At a recent protest against election fraud held here in Calgary represented an opportunity to learn a few things about how to maintain civil discourse.

Balancing act

The event began with the usual rallying speeches. The organizers stated several times that they wanted to balance the female and male speakers and alternated the microphone to ensure different voices were heard. Some speakers were more radical than others and the calmer voices were given an opportunity to say their bit. The result was an even-handed description of the problem, rather than an escalation of tensions.

A movement needs momentum

The organizers then set the protest in motion, moving the group from its location in front of City Hall to the federal building nearby. This again creates a feeling of doing something concrete, making a statement by marching, which is a longstanding tradition and peaceful, yet powerful. The movement along the roadway also attracts attention (in this case, it generated a lot of honks of support) and spreads the exposure out over a greater distance, furthering the objectives of the protest.

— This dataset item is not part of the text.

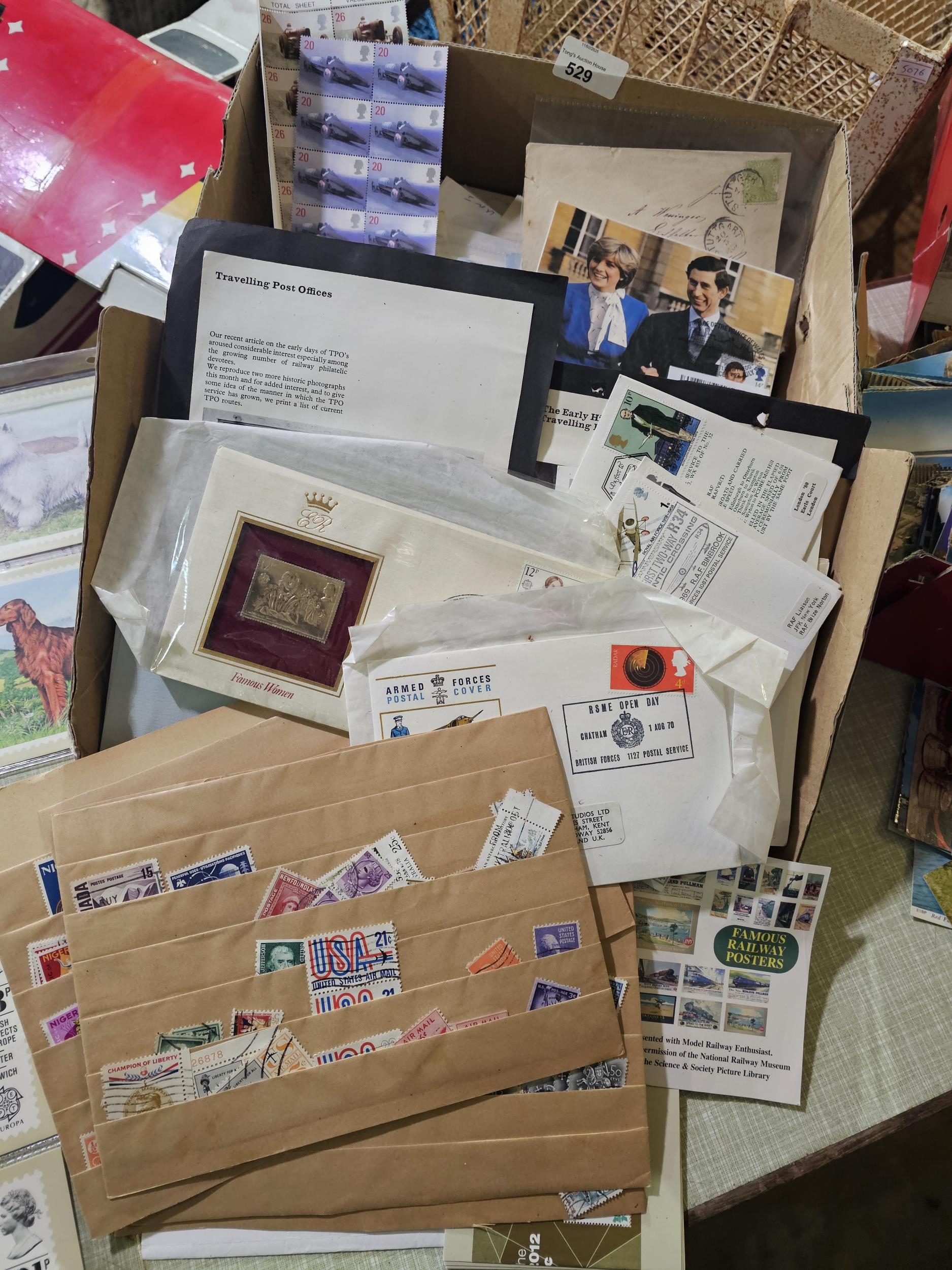Very large collection of first day covers, vintage postcards and loose stamps. Viewing highly recommended.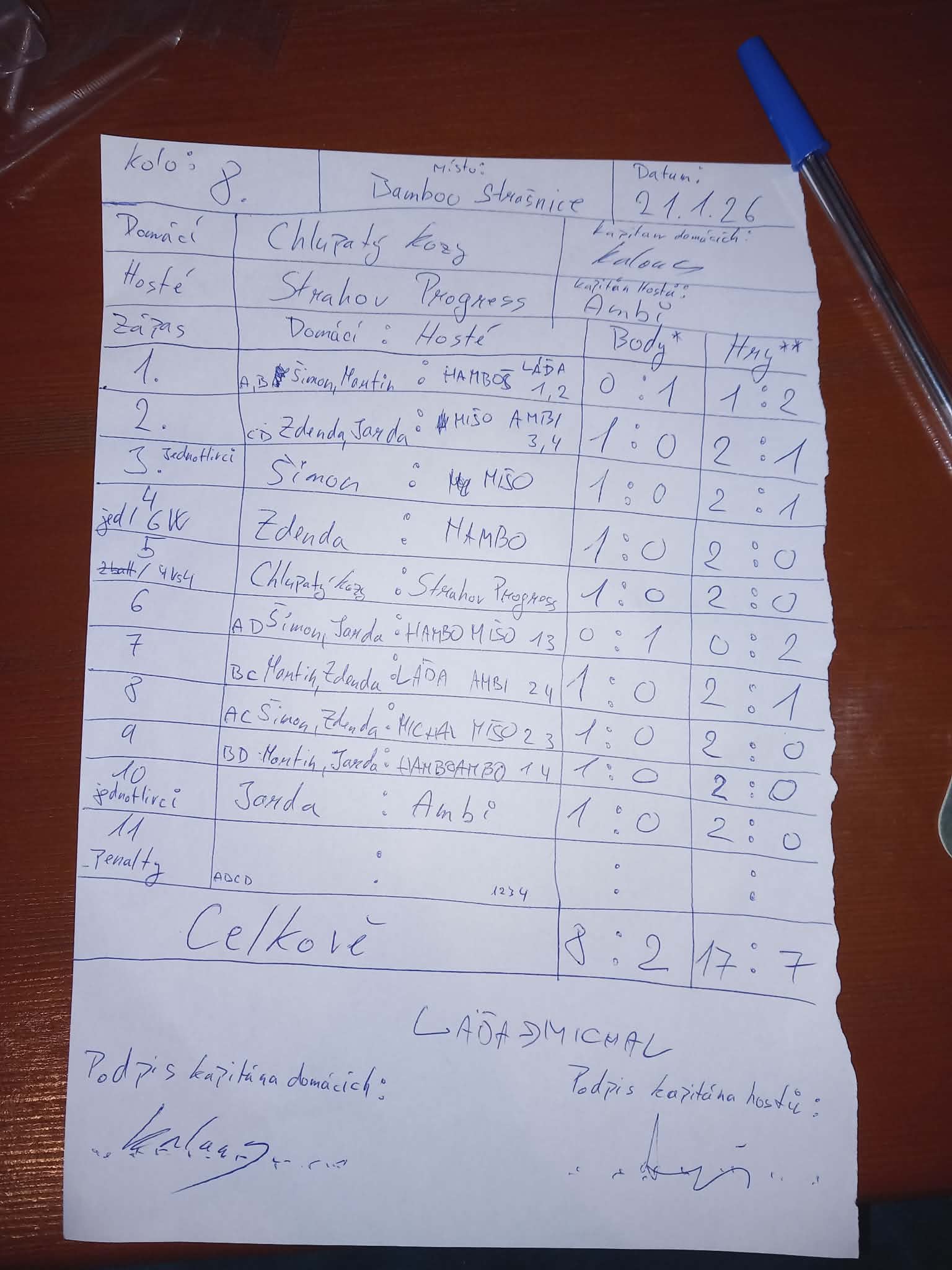 | Celkem zápasů | 8 |

After reaching the destination, the microphone was handed over to one of the more eloquent speakers to discuss the purpose of the protest, some possible solutions and give further encouragement to the participants that their voices do matter.

Smash vs speak

It was interesting to note that a couple of the protestors tried in vain several times to rally the group towards more radical solutions. That person yelled, “smash the state” at one point. Faced with this unwelcome interruption, and comparing it to the reasonable voice at the microphone talking about peaceful protest, the group simply ignored the rabble rousers. Full stop.

It may have gone differently if the police had moved to handcuff the guy. It may have gone differently if the media had turned their cameras to him and made him the story. But none of that happened.

Meanness rules the day

Consider this. We give an inordinate amount of attention in the media to the “smash the state” protestors. Or to the extremists who over-react and use unwarranted force. Very little attention is paid to those reasonable voices calling for very worthwhile solutions to achieve objectives that satisfy everyone. We elevate the vitriol, ridicule and name-calling, snickering over the meanness of it, all the while perpetuating it by passing it around and giving it attention (I’ve done it myself. We all have.)

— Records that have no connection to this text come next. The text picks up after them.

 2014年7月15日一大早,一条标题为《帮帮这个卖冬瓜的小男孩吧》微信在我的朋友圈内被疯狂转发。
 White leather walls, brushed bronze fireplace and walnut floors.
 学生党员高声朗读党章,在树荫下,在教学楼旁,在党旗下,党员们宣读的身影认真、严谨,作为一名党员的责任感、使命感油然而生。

When we do this, we do ourselves a grave disservice. And we lower the bar on our civil discourse such that we end up with polarization and partisanship from which no one gains much satisfaction. I’m not saying humour doesn’t have a place, but let’s make sure it is even-handed and genuinely funny, rather than mean-spirited and one-sided.

Let’s use our social media to spread reasonable solutions and elevate competent, knowledgeable voices. Perhaps we as citizens can drown out, or at least neutralize, those who would rather smash than speak to our challenges.